PROBLEM – Reproduce every line of the material below, but drop the pictures.

AVAILABLE DATA –
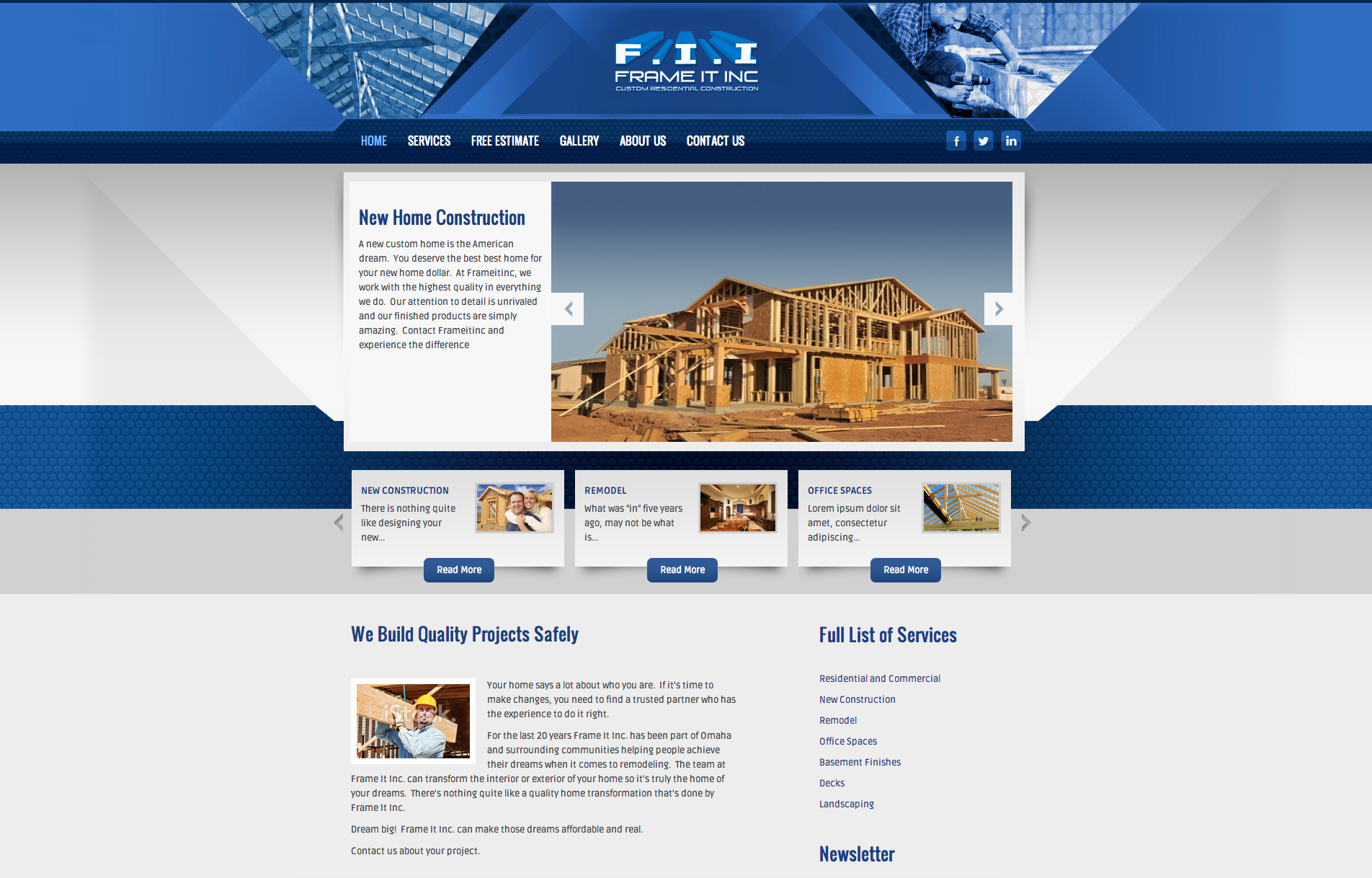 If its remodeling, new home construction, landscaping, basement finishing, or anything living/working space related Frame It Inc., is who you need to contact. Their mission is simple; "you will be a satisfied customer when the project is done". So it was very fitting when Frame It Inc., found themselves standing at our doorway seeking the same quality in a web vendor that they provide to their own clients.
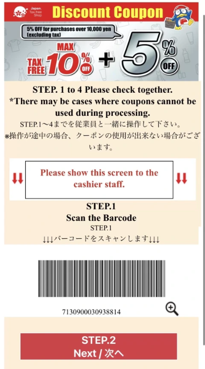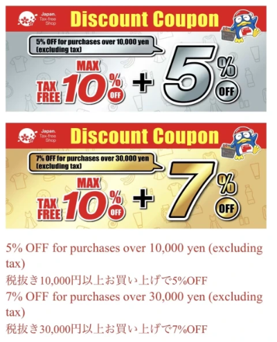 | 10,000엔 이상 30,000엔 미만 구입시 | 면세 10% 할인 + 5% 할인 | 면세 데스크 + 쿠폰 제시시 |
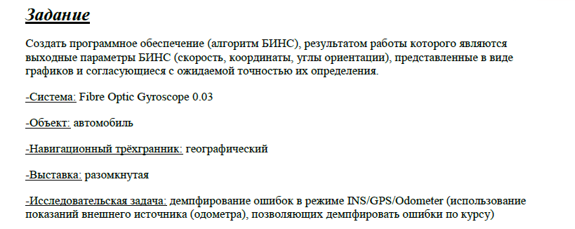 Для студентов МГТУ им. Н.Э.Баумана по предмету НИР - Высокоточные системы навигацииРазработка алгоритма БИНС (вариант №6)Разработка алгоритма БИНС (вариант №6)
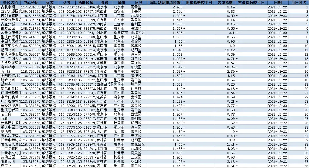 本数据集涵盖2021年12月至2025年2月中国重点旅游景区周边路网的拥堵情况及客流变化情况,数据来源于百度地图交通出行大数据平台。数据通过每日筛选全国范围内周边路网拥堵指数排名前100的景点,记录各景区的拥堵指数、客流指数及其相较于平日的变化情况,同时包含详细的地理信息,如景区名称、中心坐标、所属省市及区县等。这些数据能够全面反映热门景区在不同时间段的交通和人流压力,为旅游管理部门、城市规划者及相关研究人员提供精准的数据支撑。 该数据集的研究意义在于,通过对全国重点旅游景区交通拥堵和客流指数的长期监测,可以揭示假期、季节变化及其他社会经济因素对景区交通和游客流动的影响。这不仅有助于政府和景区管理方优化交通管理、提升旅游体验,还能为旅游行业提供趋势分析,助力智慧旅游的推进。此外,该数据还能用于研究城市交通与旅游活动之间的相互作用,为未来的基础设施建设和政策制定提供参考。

ANSWER TO THE EXERCISE –
 If its remodeling, new home construction, landscaping, basement finishing, or anything living/working space related Frame It Inc., is who you need to contact. Their mission is simple; "you will be a satisfied customer when the project is done". So it was very fitting when Frame It Inc., found themselves standing at our doorway seeking the same quality in a web vendor that they provide to their own clients.
 | 10,000엔 이상 30,000엔 미만 구입시 | 면세 10% 할인 + 5% 할인 | 면세 데스크 + 쿠폰 제시시 |
 Для студентов МГТУ им. Н.Э.Баумана по предмету НИР - Высокоточные системы навигацииРазработка алгоритма БИНС (вариант №6)Разработка алгоритма БИНС (вариант №6)
 本数据集涵盖2021年12月至2025年2月中国重点旅游景区周边路网的拥堵情况及客流变化情况,数据来源于百度地图交通出行大数据平台。数据通过每日筛选全国范围内周边路网拥堵指数排名前100的景点,记录各景区的拥堵指数、客流指数及其相较于平日的变化情况,同时包含详细的地理信息,如景区名称、中心坐标、所属省市及区县等。这些数据能够全面反映热门景区在不同时间段的交通和人流压力,为旅游管理部门、城市规划者及相关研究人员提供精准的数据支撑。 该数据集的研究意义在于,通过对全国重点旅游景区交通拥堵和客流指数的长期监测,可以揭示假期、季节变化及其他社会经济因素对景区交通和游客流动的影响。这不仅有助于政府和景区管理方优化交通管理、提升旅游体验,还能为旅游行业提供趋势分析,助力智慧旅游的推进。此外,该数据还能用于研究城市交通与旅游活动之间的相互作用,为未来的基础设施建设和政策制定提供参考。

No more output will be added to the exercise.